Avez-vous déjà un deuxième roman sur le feu ?

J’ai plusieurs textes en cours, mais au stade de bribes. Mais l’un d’entre eux est un peu plus commencé que les autres. Toujours un roman, et toujours sur la question de comment sortir des injonctions sociétales (comme d’une certaine manière Déplier les jambes et S’en aller). Je ne saurais pas dire si cette thématique traversera tous mes travaux à venir, mais pour l’instant c’est un sujet qui me porte. J’ai beaucoup lu là-dessus, j’ai étudié ça à l’ULB. La question du genre et des sciences sociales, ce sont des lunettes sur le monde qui m’aident à y voir clair et je crois que je les garde quand j’écris, comme partout ailleurs. Le féminisme est quelque chose qui m’importe, qui m’apporte. Pour l’instant, il y a toujours un objectif dans mes textes, c’est un moteur qui m’aide à écrire.

 

Quels conseils donneriez-vous à nos lecteurs et lectrices rêvant de passer le cap de la publication ?

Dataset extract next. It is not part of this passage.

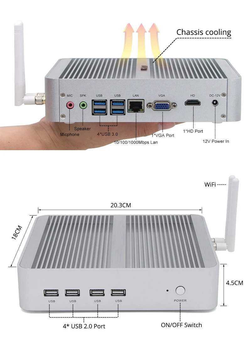 Особенности:Процессор intel i5 8-го поколения, безвентиляторный, умный дизайн, нулевой шум, полностью металлический чехол. Разъемы передней панели: 1 кнопка включения питания; 1xPower светодиоды; 4 порта xUSB 2,0 Разъемы задней панели: 1x12V DC вход 1xHD порт 1xVGA порт 1xGigabit LAN порт 4X USB 3,0 2xaudio in/out разъемы Материнская плата: RAM:2x so-dimm DDR4 слоты PCIE:2 интерфейса xMini PCIE: Полная высота для твердотельного жесткого диска mSATA. Половина высоты одна для мини PCIE беспроводной карты. 1x Mini PCIE для NGFF 2280 M.2 SSD 1xsata для 2,5-дюймового диска Сетевая карта:Бортовой RTL 8111DL 10/100/1000 BaseT LAN; Беспроводная:300 м 2,4/5 ГГц 802,11. b/g/n с двойной антенной Звуковая карта:Чип ALC892, обеспечивающий 6-канальный звук Что в коробке: 1 мини-ПК 1x адаптер питания 1 кабель питания с вилкой США 1X Настольный кронштейн 2xwi-Fi антенны 1 Набор кабелей питания и передачи данных SATA (для привода 2,5 дюйма) 1xHD кабель Некоторые винты.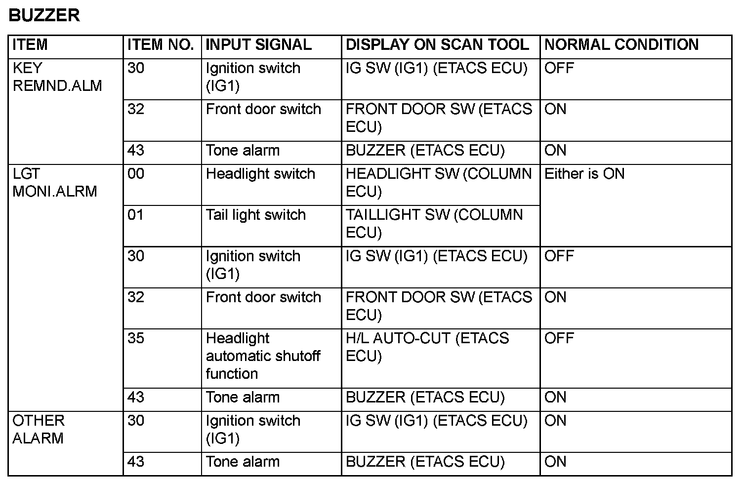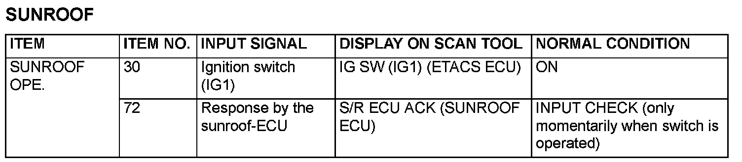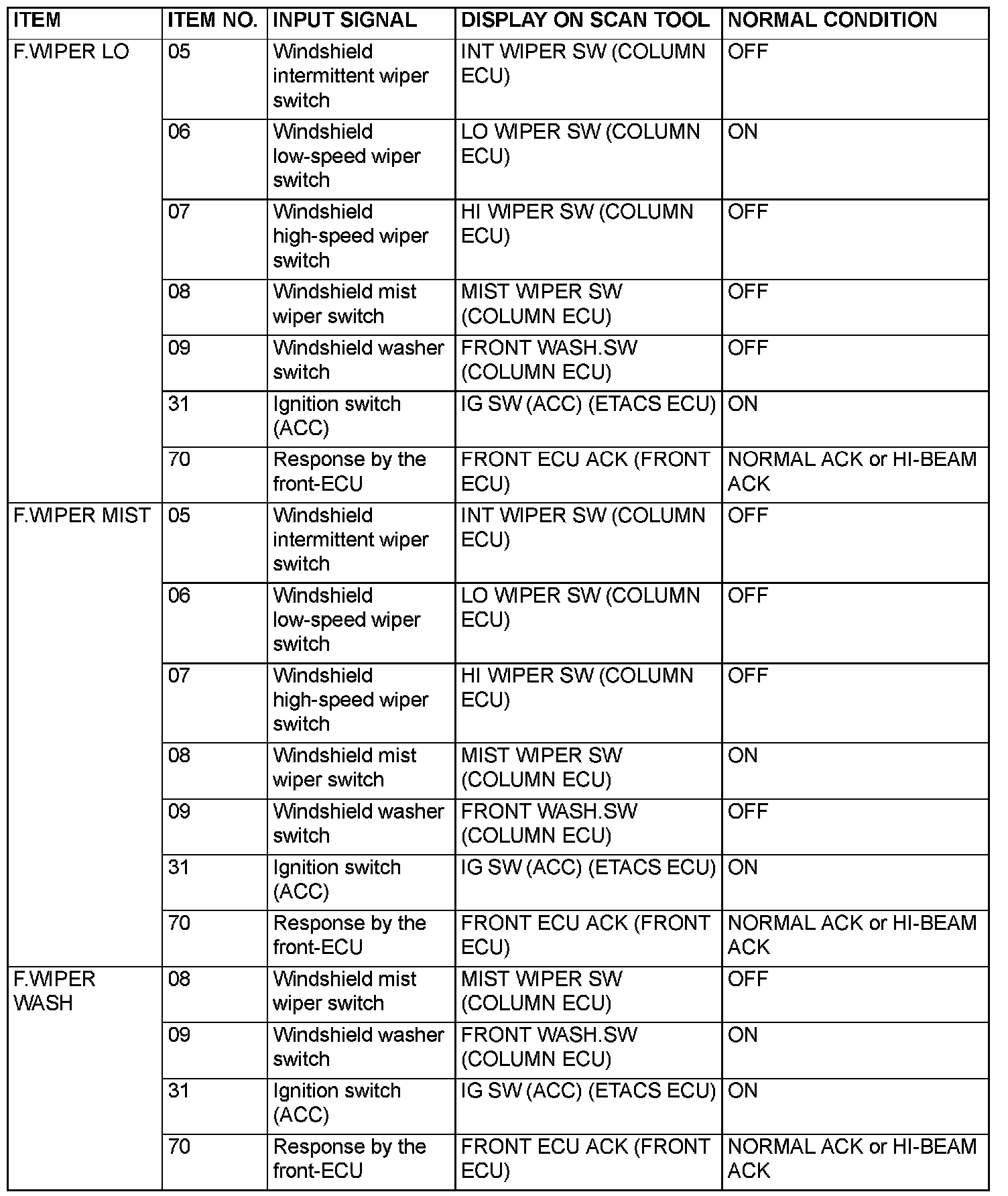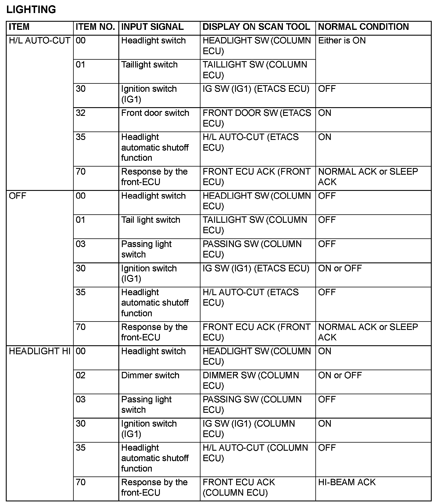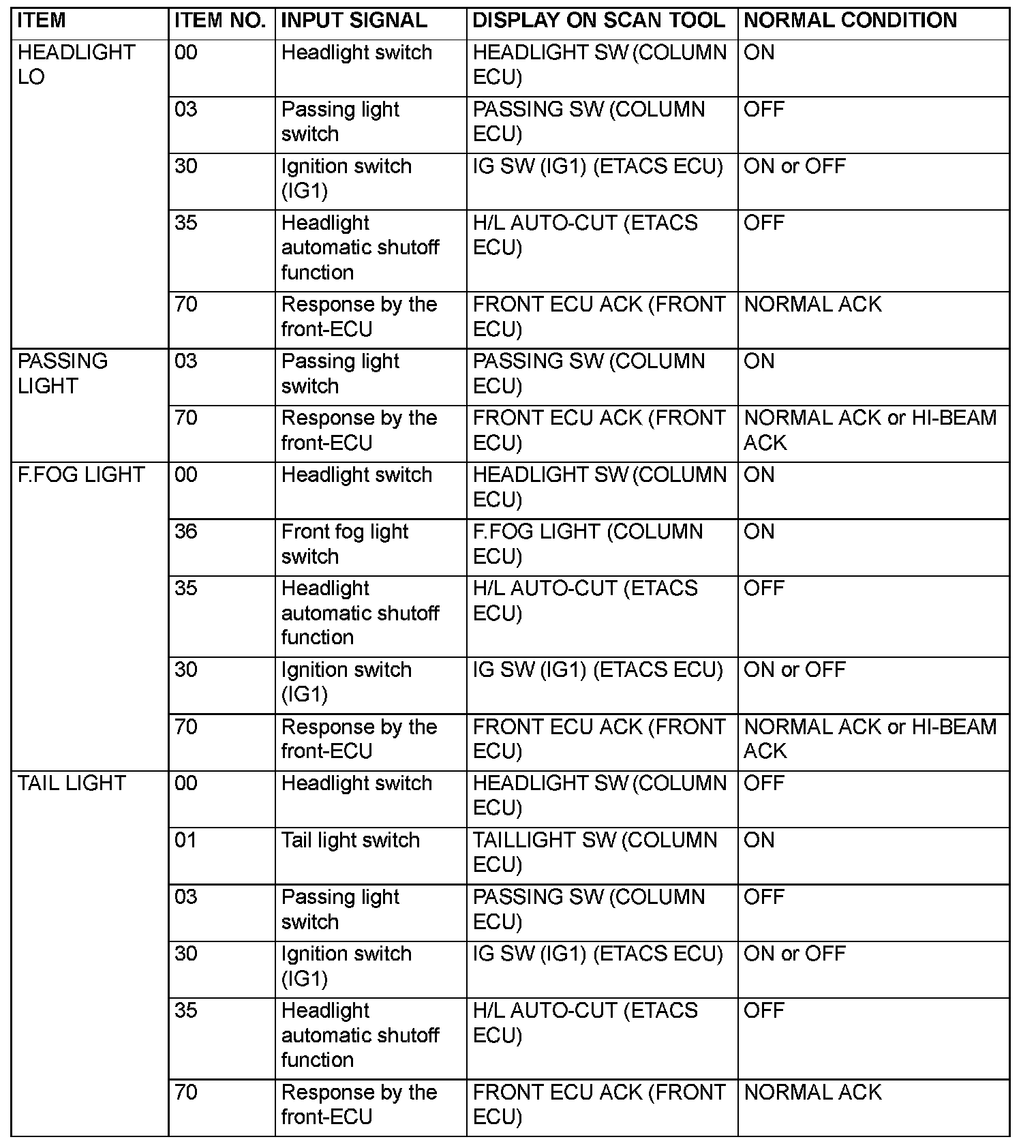 NOTE: When checking the input signals (off, tail, low-beam or high-beam), turn the ignition switch to the "ON" position in order to disable the headlight automatic shutoff function. However, since the headlight operation does not depend on the ignition switch positions, the scan tool MB991958 (M.U.T.-III Sub Assembly) does not display the title "IGNITION SWITCH".

Je dirais qu’on peut s’épargner du temps et de l’énergie en commençant par les maisons d’édition qui nous tiennent particulièrement à cœur et attendre qu’elles réagissent. Je pense que tant pour l’auteur ou l’autrice que pour l’éditeur ou l’éditrice qui recevra le manuscrit, c’est intéressant de l’envoyer en y croyant et en sachant pourquoi on envoie à cette maison et pas à une autre. C’est beaucoup d’attente d’envoyer aux maisons d’édition, ça coute en termes d’énergie, de courage, de plein de choses. Pour toutes ces raisons, je crois que c’est bien d’être sûre de à qui et où on envoie.